Hamburger Stuffed French Bread     Serves about 6 to 8
1 standard loaf French bread
1 lb. ground beef (80 to 85% lean)
1 onion, chopped
3 cloves garlic, minced (optional)
1 (10.5 oz.) can condensed soup (mushroom, celery,
    tomato, etc.)  or instead use  . .
1 can (8 oz.) tomato sauce
1/4 cup ketchup
2 teaspoons prepared yellow mustard
About 2 cups of breadcrumbs (see directions for preparation in step #4 below)
Salt and pepper to taste
1/4 cup fresh herbs or use about 1 tablespoon of dried herbs
Slices of processed cheese or 1 1/2 cups shredded cheese (any type)

1.     Preheat oven to 350°F.
2.     Cut a thin slice off the top of the bread (a serrated knife works best or use an electric knife) and put aside.
3.     Hollow out the middle of the French bread  — leaving about 1/4” to 1/2” thickness on the sides and bottom. 
4.     Add the bread (that you pulled from the loaf) to the work bowl of the food processor; turn on processor and run until fine crumbs are formed.  Set aside for use later in recipe.

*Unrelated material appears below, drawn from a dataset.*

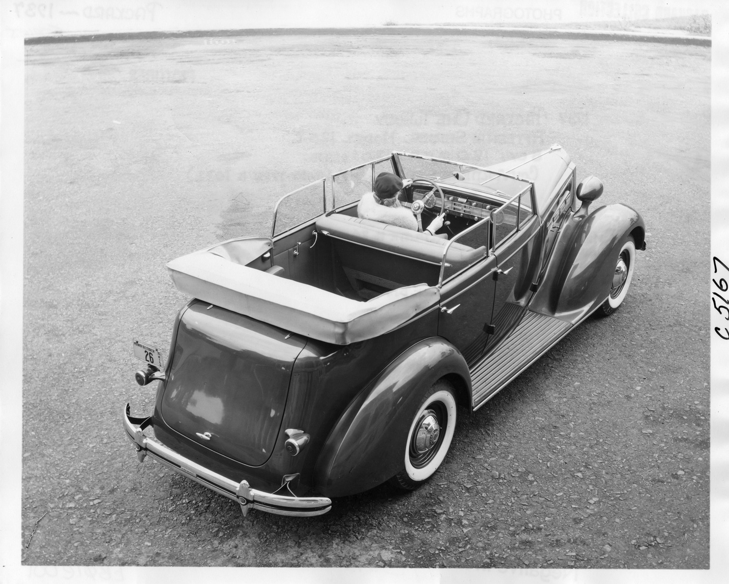 Favorite this☆ 1937 Packard convertible sedan, three-quarter rear view, top folded, woman behind wheel Description: Packard Co. file photograph of a 1937 Packard three-quarter rear view from above, top folded, woman behind wheel. Inscribed on photo back: "Packard one twenty, fifteenth series, model 120-C, 8-cylinder, 120-horsepower, 120-inch wheelbase, 5-person convertible sedan (body type #1097), note 1937 Michigan manufacturer plate #26, white sidewall tires, deluxe steering wheel, plates covering spaces provided for cigar lighter, radio controls, clock dial." Details Resource ID: EB01e001 Creator: Packard Motor Car Company Subject: Packard automobile Automobiles, Convertible Photographic prints Date Issued: 1937 Format: 1 photographic print ; 8 x 10 in. Member of: National Automotive History Collection Packard Collection Rights: Physical rights are retained by DPL. Copyright is retained in accordance with U.S. copyright laws.

5.     Add ground beef to a hot skillet and cook on medium heat, stirring as it cooks.  Be sure to use the back of a spoon to break up any large hamburger chunks. Add onions and garlic if used; cook until onions are tender and translucent. 

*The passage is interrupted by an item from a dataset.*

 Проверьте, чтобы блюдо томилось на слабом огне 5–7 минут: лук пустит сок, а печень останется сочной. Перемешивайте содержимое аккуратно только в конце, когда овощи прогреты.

6.     Add and thoroughly mix in can of condensed soup or the tomato sauce, or ketchup and mustard combination.  
7.     Stir about 2 cups of the reserved breadcrumbs into the meat mixture (add more if needed to thicken mixture). Add the seasonings and mix ingredients well and pack this mixture into French bread shell.

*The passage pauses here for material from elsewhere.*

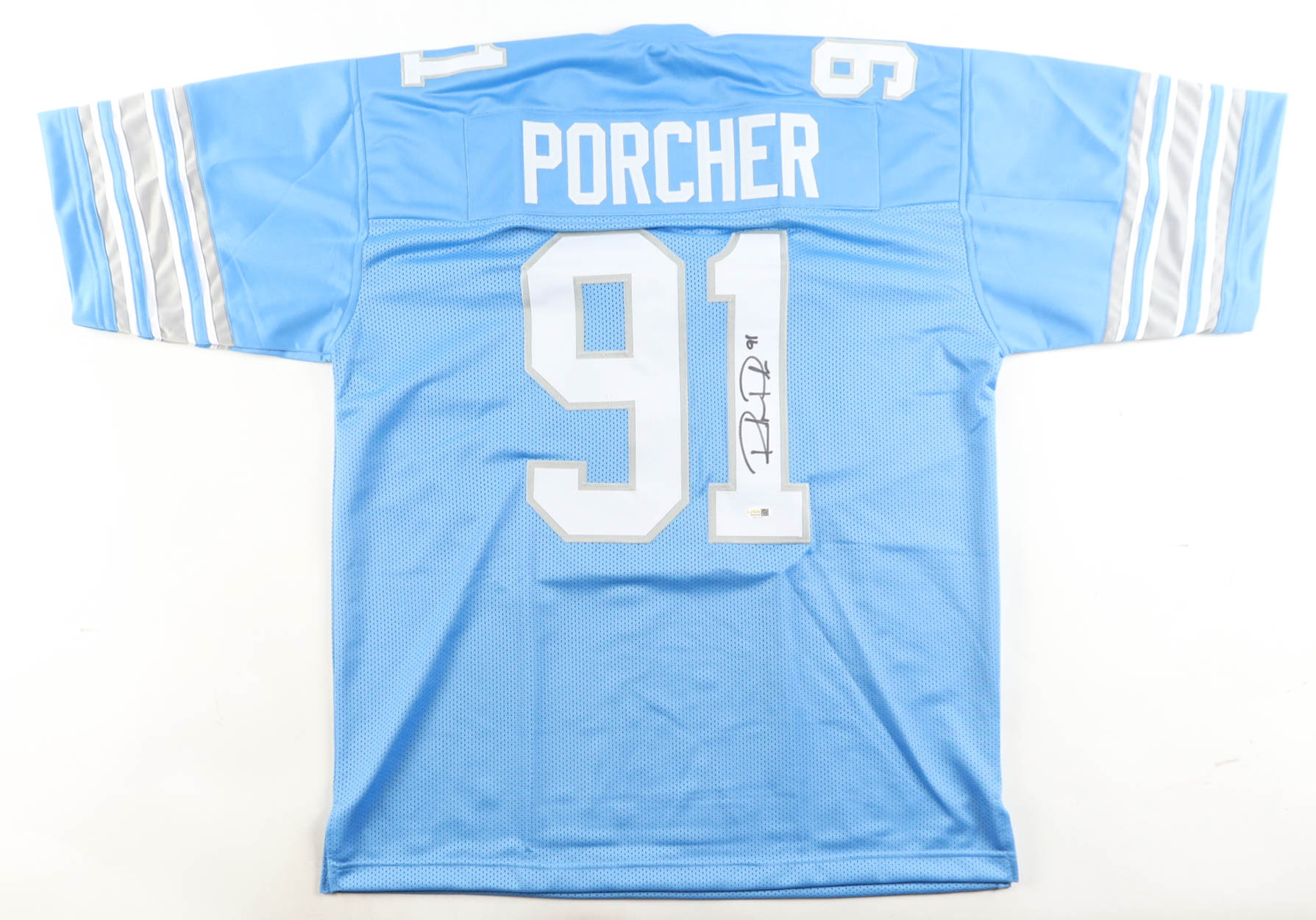 Custom jersey with everything sewn on, size XL. Hand-signed by Robert Porcher.

8.     Top with cheese and replace the top of the loaf.
9.     Wrap in aluminum foil and set on a cookie sheet.  Use a potholder to place cookie sheet in preheated oven.   Bake for 20 minutes or until mixture is hot.  The cheese will melt; heating also helps combine the flavors of the various ingredients.
10.  Carefully remove cookie sheet from oven using hot pads.  Place cookie sheet on a cooling rack.
11.  Let cool slightly.  Slice and serve.

Make ahead tip:  Ingredients may be prepared ahead of time (refrigerate meat mixture and wrap bread in air-tight covering); combine at last minute or even combine several hours in advance, wrap and refrigerate.  Add extra baking time to allow for the colder temperature.

Microwave  (instead of heating in the oven):  Heat the filled bun for about 35 seconds.

Variations:  Use small buns or Kaiser roll for individual sandwiches.  Bake for 10 to 15 minutes.
  • Pizza Bread:  Use tomato soup, Italian herb blends, Parmesan or Mozzarella cheese & black olive slices if desired.
  • Cheese Burger Bread:  Use the tomato sauce or ketchup & mustard mixture; top with American cheese slices.
  • Stroganoff Bread:  Sauté chopped green peppers and mushrooms along w/ the onion. Use mushroom soup and a little sour cream if desired.
  • Or, create your own custom filling! What about sausage or ground turkey instead of ground beef? Green or red peppers (cook with the onions), sliced mushrooms (cook with the onions), black olives (stir in before stuffing the bread) – the variations are endless.